▸ Data shown
# # # # #
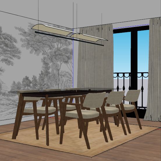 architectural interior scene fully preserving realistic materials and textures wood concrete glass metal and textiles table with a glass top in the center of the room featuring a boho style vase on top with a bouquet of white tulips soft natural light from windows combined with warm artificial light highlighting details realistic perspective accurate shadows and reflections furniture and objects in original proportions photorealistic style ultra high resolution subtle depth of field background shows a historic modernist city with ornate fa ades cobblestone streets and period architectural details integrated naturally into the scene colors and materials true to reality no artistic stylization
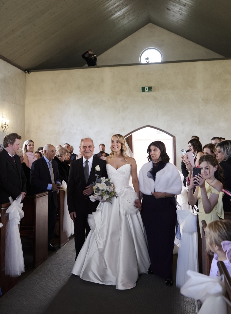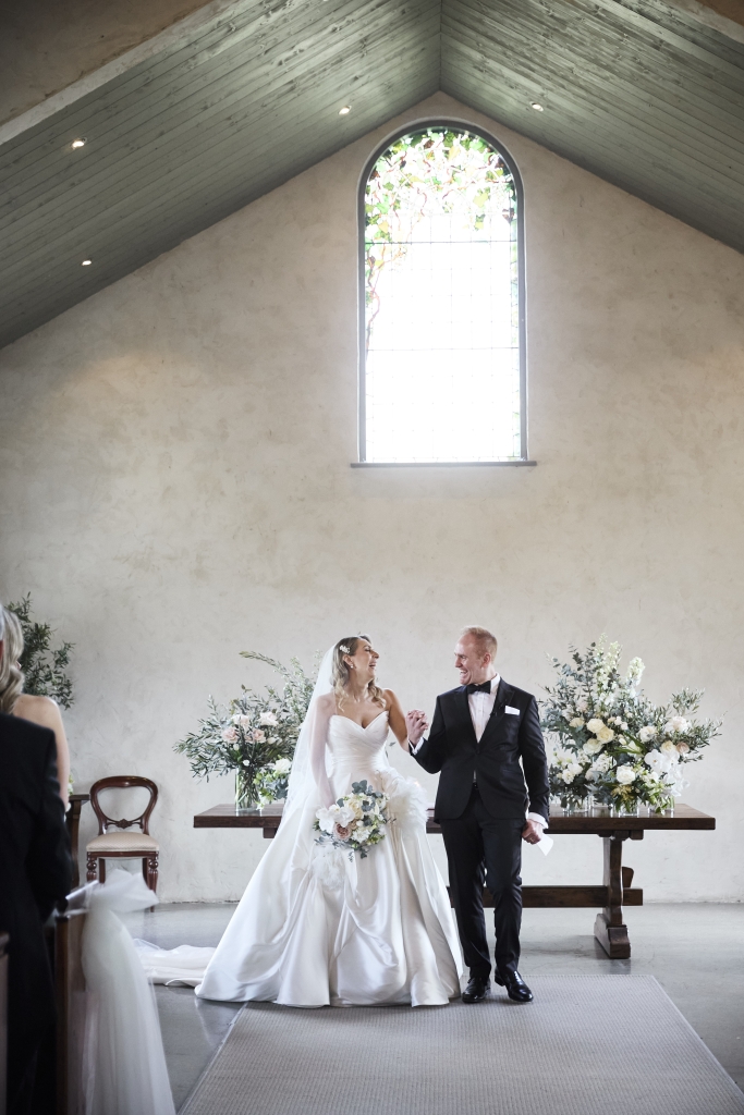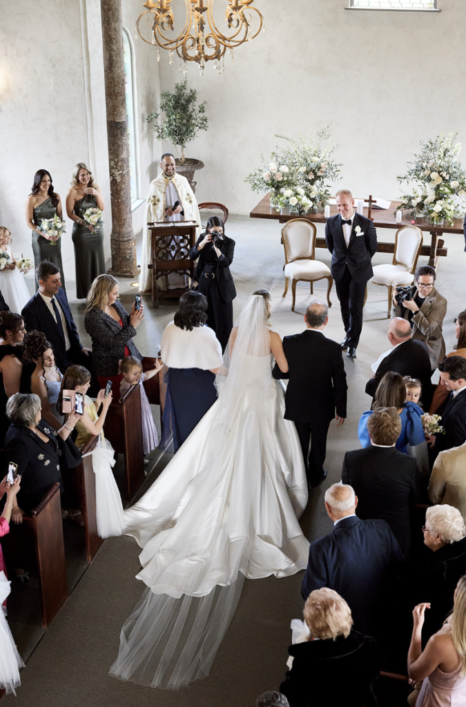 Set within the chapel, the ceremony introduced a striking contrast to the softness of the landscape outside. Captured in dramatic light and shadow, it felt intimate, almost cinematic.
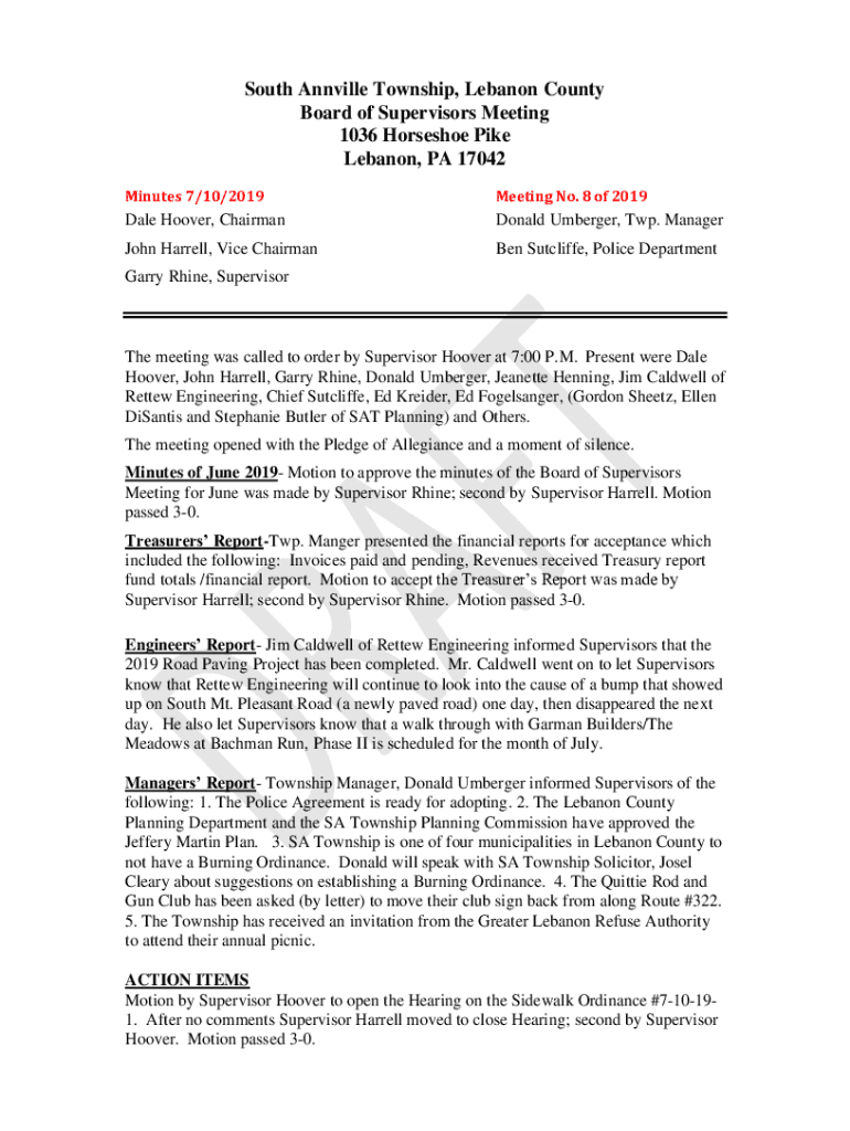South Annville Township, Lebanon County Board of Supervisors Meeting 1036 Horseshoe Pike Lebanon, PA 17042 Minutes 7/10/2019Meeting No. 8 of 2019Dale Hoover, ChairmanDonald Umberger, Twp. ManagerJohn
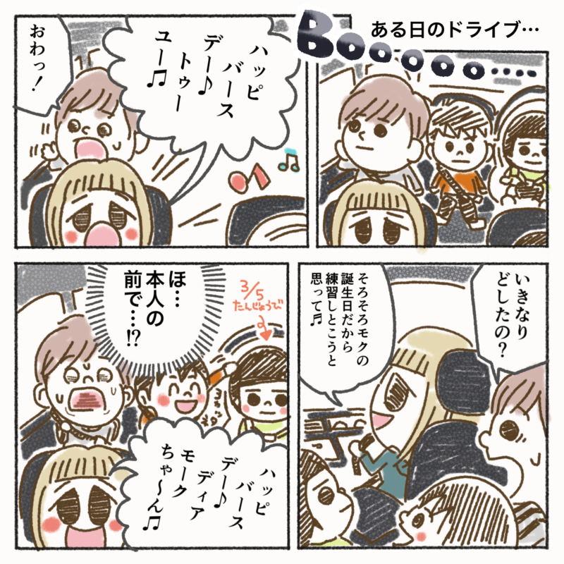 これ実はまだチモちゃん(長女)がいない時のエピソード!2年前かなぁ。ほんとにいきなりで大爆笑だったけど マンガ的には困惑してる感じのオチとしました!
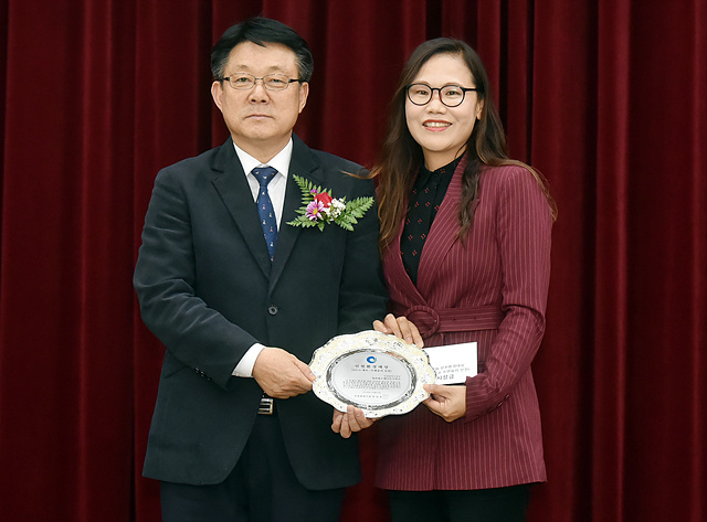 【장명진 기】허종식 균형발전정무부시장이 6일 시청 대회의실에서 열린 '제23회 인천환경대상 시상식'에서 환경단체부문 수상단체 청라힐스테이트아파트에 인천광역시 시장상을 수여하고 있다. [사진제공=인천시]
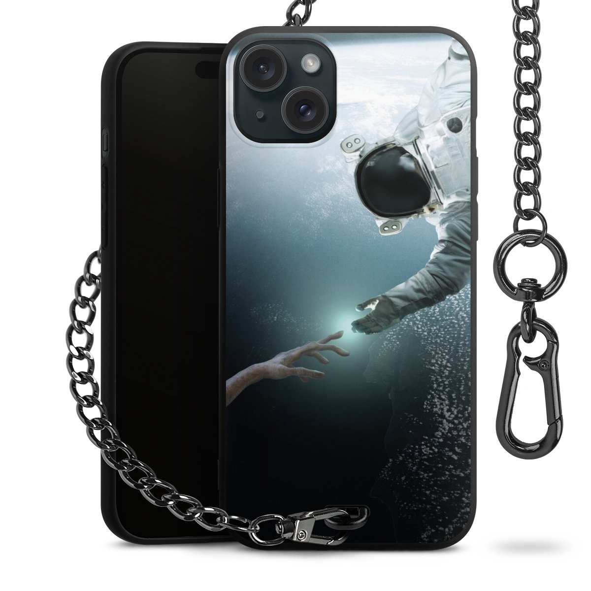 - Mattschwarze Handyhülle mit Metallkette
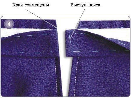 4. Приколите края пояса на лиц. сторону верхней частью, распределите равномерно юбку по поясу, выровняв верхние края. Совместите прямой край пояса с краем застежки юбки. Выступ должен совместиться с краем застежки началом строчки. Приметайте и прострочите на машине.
# # # # #
▸ Assignment
Only the lines from the line with "Set within the" through the end of the records belong in your copy. Repeat them exactly, without pictures.

▸ Exercise answer
 Set within the chapel, the ceremony introduced a striking contrast to the softness of the landscape outside. Captured in dramatic light and shadow, it felt intimate, almost cinematic.
South Annville Township, Lebanon County Board of Supervisors Meeting 1036 Horseshoe Pike Lebanon, PA 17042 Minutes 7/10/2019Meeting No. 8 of 2019Dale Hoover, ChairmanDonald Umberger, Twp. ManagerJohn
 これ実はまだチモちゃん(長女)がいない時のエピソード!2年前かなぁ。ほんとにいきなりで大爆笑だったけど マンガ的には困惑してる感じのオチとしました!
 【장명진 기】허종식 균형발전정무부시장이 6일 시청 대회의실에서 열린 '제23회 인천환경대상 시상식'에서 환경단체부문 수상단체 청라힐스테이트아파트에 인천광역시 시장상을 수여하고 있다. [사진제공=인천시]
 - Mattschwarze Handyhülle mit Metallkette
 4. Приколите края пояса на лиц. сторону верхней частью, распределите равномерно юбку по поясу, выровняв верхние края. Совместите прямой край пояса с краем застежки юбки. Выступ должен совместиться с краем застежки началом строчки. Приметайте и прострочите на машине.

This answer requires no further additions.